This has honestly been a long time coming, really, and I've tried a couple of different ways to do this, and haven't really settled on anything (big surprise there, huh?) and figured that I would finally just sit down and write it. Things kind of have a habit turning out better when I do that, instead of really planning it. Though planning works too, but...Wow...Digression, much, Louise? Sorry, it's been a bit of...week, almost. Yeah. It's been a week.
Anyway, if you haven't guessed, I've made it back to campus. My room currently looks like the Midwest after an F-3, but the day after tomorrow is Saturday, and I can take as much time then as I need to and get unpacked and settled back in officially. Also, my rug really needs to be vacuumed.
Sometimes I really wonder why it is that I do the things that I do. I thought a little about this last night, coming back from seeing Em (and getting my Chem book back from Julie since I have reading and homework problems to do for tomorrow morning) and remembered that my Giants blanket (borrowed from off of my parents bed because my room up here gets cold) was still in the front seat of my Oldsmobile. So, I walked the length of JPR to the parking lot, and walked around the back end of a giant Cadillac, and tried to look as suave and cool as I usually do when I unlock my car. And dropped a few things, and hit my forehead on the top of the door casing, and everything was just great. And I looked around the parking lot, and yes, indeed, my car is still the oldest and most worn-in and well-loved looking one there. The hood is red with gray where the paint's worn off, and to me, in the light of the street lamp, he's beautiful.
The guy in the Cadillac probably thought I was a moron of epic proportions, but then again, so does my Focus, so that's really no big deal.
And it almost makes you ask yourself: What's a girl in an Oldsmobile doing at a school with a bunch of Cadillacs, Audis, Lexus, and 2010 Hondas parked around her?
The answer: She's getting an education.
That's the common denominator of all of us here is that we're getting an education. I can't say that we'll all be in debt up to our eyeballs, but we're all here to go to class and learn something. Though some might just be here for the booze on the weekends and the sports teams, most of us are here because we want to expand our horizons and this place was the best fit for us.
And it's tough academically. There's no question of that. I'm a Chemistry major who's currently enrolled in a bi-disciplinary class titled Two Cities: New York and Toronto, a combination of economics and sociology/urban studies. I'm a Chemist. Are you pickin' up what I'm puttin' down? Even better - I'm in there with a bunch of native New Yorkers (from the city) and people from around the Tri-State area, too. NYC is home to them. It's also its own entity and personality, and can be a damn scary place after dark when you don't have a ride across the GW Bridge, but it's also a beautiful place, too. And because it's a city with a financial district that does world business, and a business district that might well be moving toward global domination, the cost of living is steeper there than it is here.

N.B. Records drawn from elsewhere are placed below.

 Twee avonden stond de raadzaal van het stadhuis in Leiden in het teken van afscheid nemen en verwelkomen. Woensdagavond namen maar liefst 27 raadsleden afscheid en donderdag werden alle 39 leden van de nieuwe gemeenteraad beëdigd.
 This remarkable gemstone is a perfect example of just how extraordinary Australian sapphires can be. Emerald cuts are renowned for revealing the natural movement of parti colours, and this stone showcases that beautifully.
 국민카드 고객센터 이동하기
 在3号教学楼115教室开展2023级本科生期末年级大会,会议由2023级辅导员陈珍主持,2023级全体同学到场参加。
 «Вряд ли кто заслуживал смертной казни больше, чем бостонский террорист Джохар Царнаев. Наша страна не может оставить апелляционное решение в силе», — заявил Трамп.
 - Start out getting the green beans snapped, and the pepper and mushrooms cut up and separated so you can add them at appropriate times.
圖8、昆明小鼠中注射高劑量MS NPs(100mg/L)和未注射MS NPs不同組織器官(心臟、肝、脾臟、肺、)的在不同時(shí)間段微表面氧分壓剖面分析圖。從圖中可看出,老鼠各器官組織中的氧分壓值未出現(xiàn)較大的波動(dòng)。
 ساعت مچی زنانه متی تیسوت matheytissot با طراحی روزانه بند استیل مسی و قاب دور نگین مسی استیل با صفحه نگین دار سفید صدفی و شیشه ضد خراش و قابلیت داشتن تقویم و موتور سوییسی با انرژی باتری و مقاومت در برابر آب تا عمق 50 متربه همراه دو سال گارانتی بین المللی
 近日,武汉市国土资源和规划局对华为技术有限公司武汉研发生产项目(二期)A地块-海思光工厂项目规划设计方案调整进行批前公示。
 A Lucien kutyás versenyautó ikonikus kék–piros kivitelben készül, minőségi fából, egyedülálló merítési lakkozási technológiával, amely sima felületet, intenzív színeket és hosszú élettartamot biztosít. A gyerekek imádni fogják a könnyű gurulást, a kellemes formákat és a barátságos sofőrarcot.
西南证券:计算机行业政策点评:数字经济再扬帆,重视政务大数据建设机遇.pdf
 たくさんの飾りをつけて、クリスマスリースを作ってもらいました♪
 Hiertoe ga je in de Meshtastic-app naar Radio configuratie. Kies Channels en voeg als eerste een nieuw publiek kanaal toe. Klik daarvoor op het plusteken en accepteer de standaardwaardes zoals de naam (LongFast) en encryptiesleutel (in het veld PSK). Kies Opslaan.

As evidenced by the native that I sat next to in class today who had the University of Virginia logo (complete with crossed swords) embroidered on his pants. Which is one of those prep things that people do at this college, and that quite frankly, I don't see the point of. Do I honestly look like the type of person to walk around with embroidered ducks plastered all over my rear end? It's big enough as it is, thanks so much. It doesn't need a flashing sign that screams LOOK AT ME!!!
And this, all of this, all of who I am, is because I am from the country. I drive a car not because it's the newest and the best, but because I need a vehicle to get back and forth to work in the summer and my placement here at college, and Fred has four wheels, a motor, and some semblance of heat in the winter. He gets me from point A to point B and everywhere in between, and that's okay with me. My favorite shirt in my closet (well...two of them, actually) are my plaid button-ups. The one is red, and made for a woman, and the other is a green one from the mens' department at Wal-Mart that I sleep in because it's nice and warm. I have sneakers, one pair of heels that I wear when I absolutely have to (I wear my Converse when I'm at work, with my black pants, because it's comfortable) and I love jeans and t-shirts. I love layers and vests (I have a new blue plaid one and a black one) and, quite honestly, material things don't matter much to me. I don't care that I don't have the latest fashion advice straight from Paris, or that I went to a high school with only 97 kids in my graduating class, or that my grad party was underneath the white and yellow circus tent in my backyard. I'm not dirt poor, and I'm not rollin' in it, either. I'm in the middle. And I'm content to be there.
And I just found the pointy side of a push pin with my foot, under my desk.
Then again, that's me. That's what makes me different from them. I've got different priorities, and I've got them in a different list, too.
And if my Focus could get its furry ass inside the window, I might actually get something constructive accomplished this afternoon. I at least need to put my movies away, maybe my clothes. Get all my school stuff (books, etc) in the same place and have some degree of order and organization back in my life.
Also, if I crank my country music, it'll be like I never went on vacation for the rest of the floor. Welcome back and hold on.